__Exercise__:
Return only the lines running from the one that contains "피해자들은 해당 치과가" through the end of the entries, exactly, both ends included. Omit pictures.

Data extracted from a collection
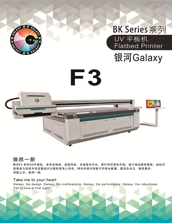 銀河F3系列UV平板機(jī),采用全鋼架、直線導(dǎo)軌、全鋁吸風(fēng)平臺(tái),使打印時(shí)更加平穩(wěn),減少晃動(dòng)提高精度。抽拉式廢墨盒與功能開關(guān)位置設(shè)計(jì)讓整機(jī)更具人性化。噴車升級(jí)可搭配不同噴頭配置,最適合自己,便是最好。 榮耀上市,煥然一新。
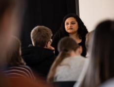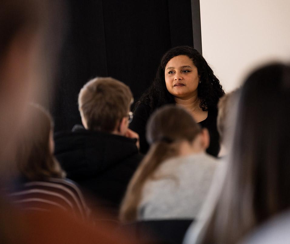 Annie Lulu à la rencontre des élèves du collège des Terreaux, pour témoigner de son parcours de vie. Le mardi 21 mars 2023. Photos@Guillaume Perret.
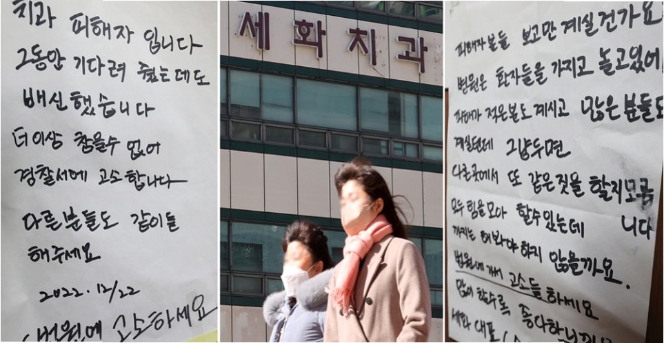 피해자들은 해당 치과가 '원장 개인 사정'을 이유로 최근 내원 환자들에게 진료 지연을 안내한 데 이어 지난 25일 갑작스럽게 '진료 중단' 안내문을 붙였다고 주장하고 있다.
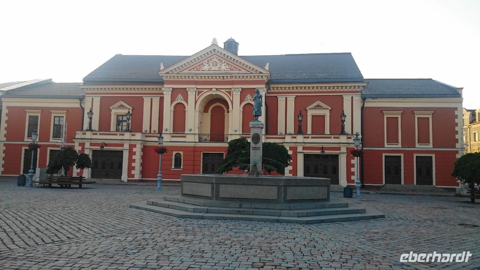 Am Wagner-Konzertsaal erinnert eine Inschrift an die zwei Jahre, die Richard Wagner als Kapellmeister in Riga verbrachte.
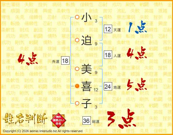 小(3画)迫(9画) 美(9画)喜(12画)子(3画)
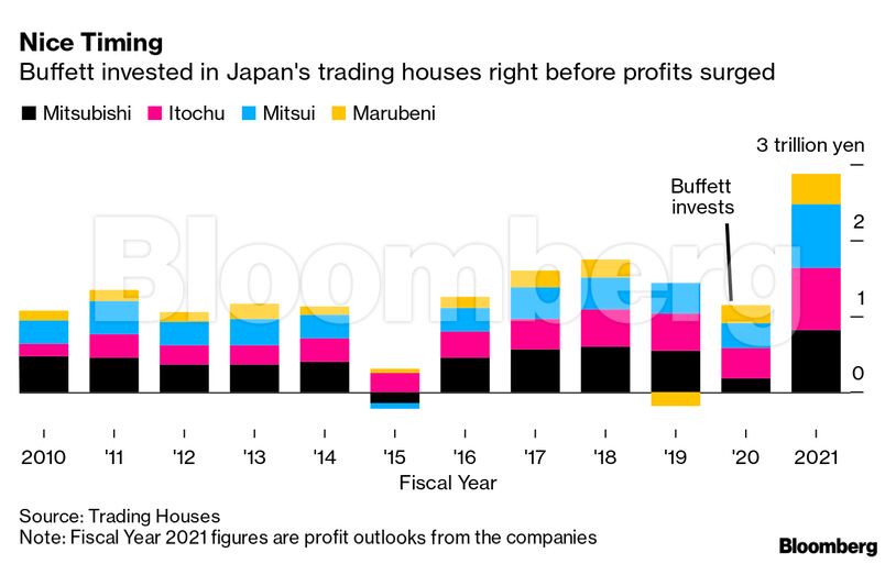 Ο Buffett προκάλεσε έκπληξη στις αγορές το 2020, όταν η επενδυτική του εταιρεία Berkshire Hathaway, ανακοίνωσε ότι αγόρασε μερίδια σε πέντε από τις μεγαλύτερες εμπορικές εταιρείες της Ιαπωνίας, οι οποίες εκείνη την εποχή αντιμετώπιζαν μείωση κερδών καθώς η πανδημία περιόρισε τη ζήτηση για καύσιμα.
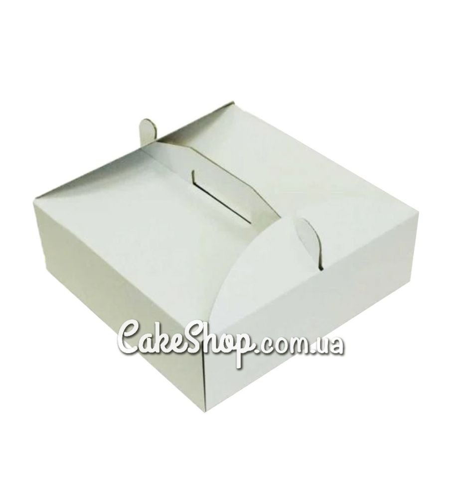 Коробка з білого мікрогофрокартону - зручна упаковка для торта, випічки та інших кондитерських виробів. Коробка самозбірна з жиро- і вологостійкого матеріалу. Складається з двох окремих частин, які складаються в цілу коробку, не вимагаючи додатково склейки. У коробці є ручка для більш зручного транспортування.

__Answer__:
 피해자들은 해당 치과가 '원장 개인 사정'을 이유로 최근 내원 환자들에게 진료 지연을 안내한 데 이어 지난 25일 갑작스럽게 '진료 중단' 안내문을 붙였다고 주장하고 있다.
 Am Wagner-Konzertsaal erinnert eine Inschrift an die zwei Jahre, die Richard Wagner als Kapellmeister in Riga verbrachte.
 小(3画)迫(9画) 美(9画)喜(12画)子(3画)
 Ο Buffett προκάλεσε έκπληξη στις αγορές το 2020, όταν η επενδυτική του εταιρεία Berkshire Hathaway, ανακοίνωσε ότι αγόρασε μερίδια σε πέντε από τις μεγαλύτερες εμπορικές εταιρείες της Ιαπωνίας, οι οποίες εκείνη την εποχή αντιμετώπιζαν μείωση κερδών καθώς η πανδημία περιόρισε τη ζήτηση για καύσιμα.
 Коробка з білого мікрогофрокартону - зручна упаковка для торта, випічки та інших кондитерських виробів. Коробка самозбірна з жиро- і вологостійкого матеріалу. Складається з двох окремих частин, які складаються в цілу коробку, не вимагаючи додатково склейки. У коробці є ручка для більш зручного транспортування.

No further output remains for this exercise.